Если кризисы выявили неспособность буржуазии к дальней­шему управлению современными производительными силами, то переход крупных производственных предприятий и средств сообщения в руки акционерных обществ, трестов и в государственную собственность доказывает ненужность буржуазии для этой цели. Все общественные функции капиталиста выполняются теперь наёмными служащими. Для капиталиста не осталось другой общественной деятельности, кроме загребания доходов, стрижки купонов и игры на бирже, где различные капиталисты отнимают друг у друга капиталы. Если раньше капиталистический способ производства вытеснял рабочих, то теперь он вытесняет и капиталистов, правда, пока ещё не в промышленную резервную армию, а только в разряд излишнего населения.

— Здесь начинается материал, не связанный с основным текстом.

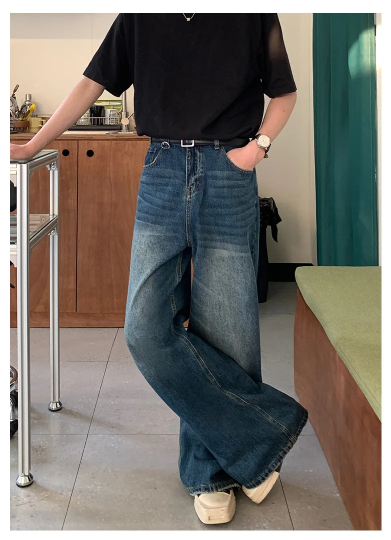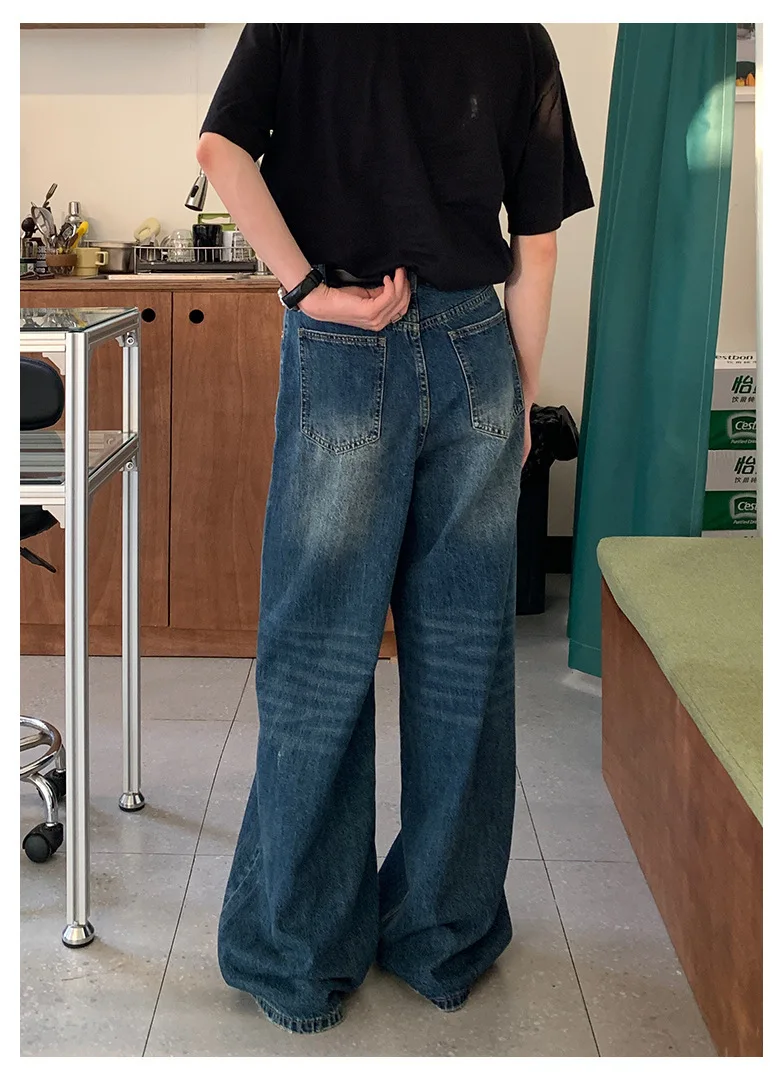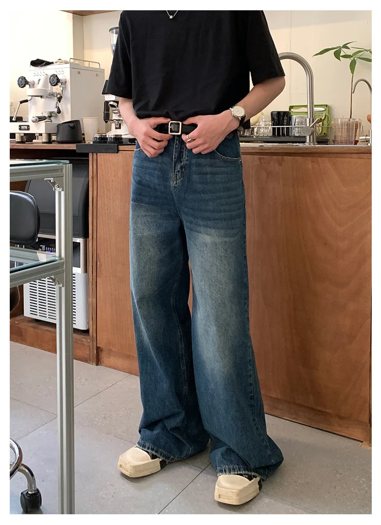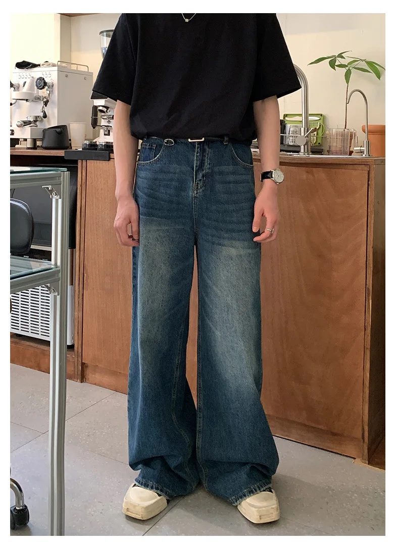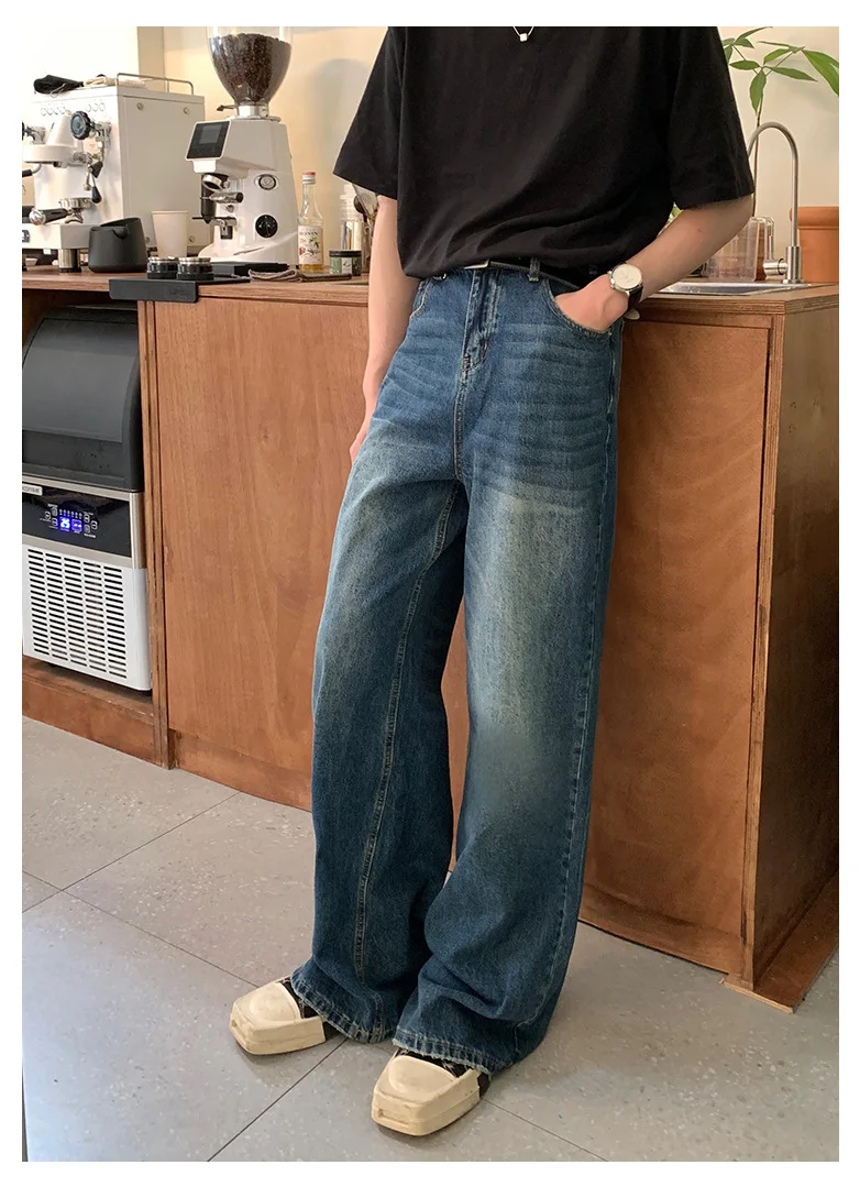 Men's Jeans New Fashion Loose Solid Color Straight Leg Washed Denim Pants Casual Floor Length Trousers Men Clothing 9W1421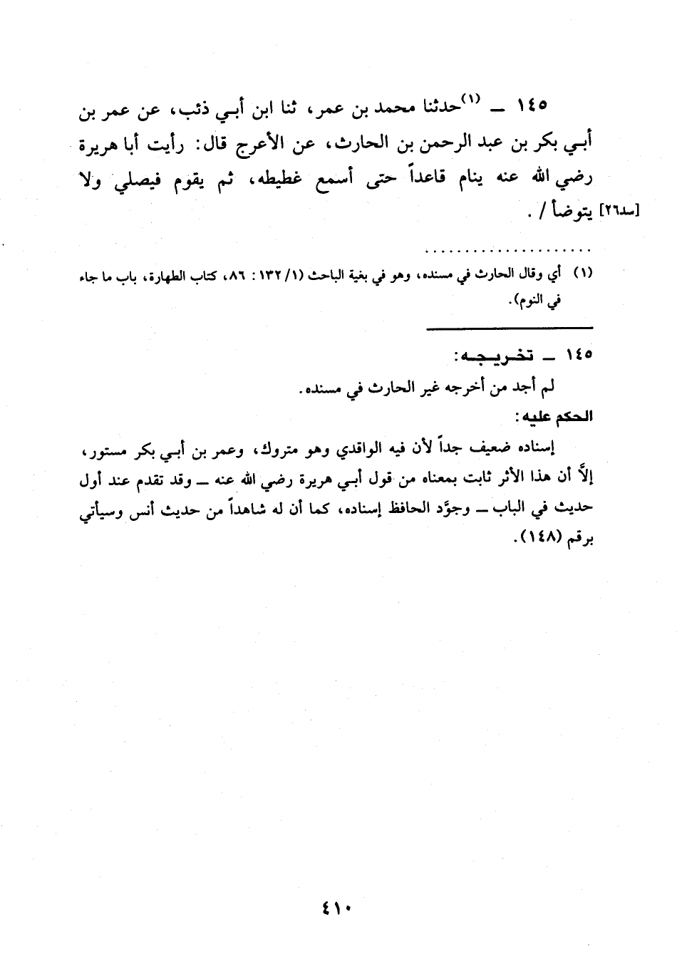 145 - حَدَّثَنَا مُحَمَّدُ بْنُ عُمَرَ، ثنا ابْنُ أَبِي ذِئْبٍ، عَنْ عُمَرَ بْنِ أَبِي بَكْرِ بْنِ عَبْدِ الرَّحْمَنِ بْنِ الْحَارِثِ، عَنِ الْأَعْرَجِ قَالَ: رَأَيْتُ أَبَا هُرَيْرَةَ رَضِيَ اللهُ عَنْهُ §يَنَامُ قَاعِدًا حَتَّى أَسْمَعَ غَطِيطَهُ، ثُمَّ يَقُومُ فَيُصَلِّي وَلَا يَتَوَضَّأُ /

Но ни переход в руки акционерных обществ и трестов, ни превращение в государственную собственность не уничтожают капиталистического характера производительных сил. Относительно акционерных обществ и трестов это совершенно очевидно. А современное государство опять-таки есть лишь организация, которую создаёт себе буржуазное общество для охраны общих внешних условий капиталистического способа производства от посягательств как рабочих, так и отдельных капиталистов. Современное государство, какова бы ни была его форма, есть по самой своей сути капиталистическая машина, государство капиталистов, идеальный совокупный капиталист. Чем больше производительных сил возьмёт оно в свою собственность, тем полнее будет его превращение в совокупного капиталиста и тем большее число граждан будет оно эксплуатировать. Рабочие останутся наёмными рабочими, пролетариями. Капиталистические отношения не уничтожаются, а, наоборот, доводятся до крайности, до высшей точки. Но на высшей точке происходит переворот. Государственная собственность на производительные силы не разрешает конфликта, но она содержит в себе формальное средство, возможность его разрешения.

Это разрешение может состоять лишь в том, что общественная природа современных производительных сил будет признана на деле и что, следовательно, способ производства, присвоения и обмена будет приведен в соответствие с общественным характером средств производства. А это может произойти только таким путём, что общество открыто и не прибегая ни к каким окольным путям возьмёт в своё владение производительные силы, переросшие всякий другой способ управления ими, кроме общественного. Тем самым общественный характер средств производства и продуктов, который теперь оборачивается против самих производителей и периодически потрясает способ производства и обмена, прокладывая себе путь только как слепо действующий закон природы, насильственно и разрушительно, – этот общественный характер будет тогда использован производителями с полной сознательностью и превратится из причины расстройств и периодических крахов в сильнейший рычаг самого производства.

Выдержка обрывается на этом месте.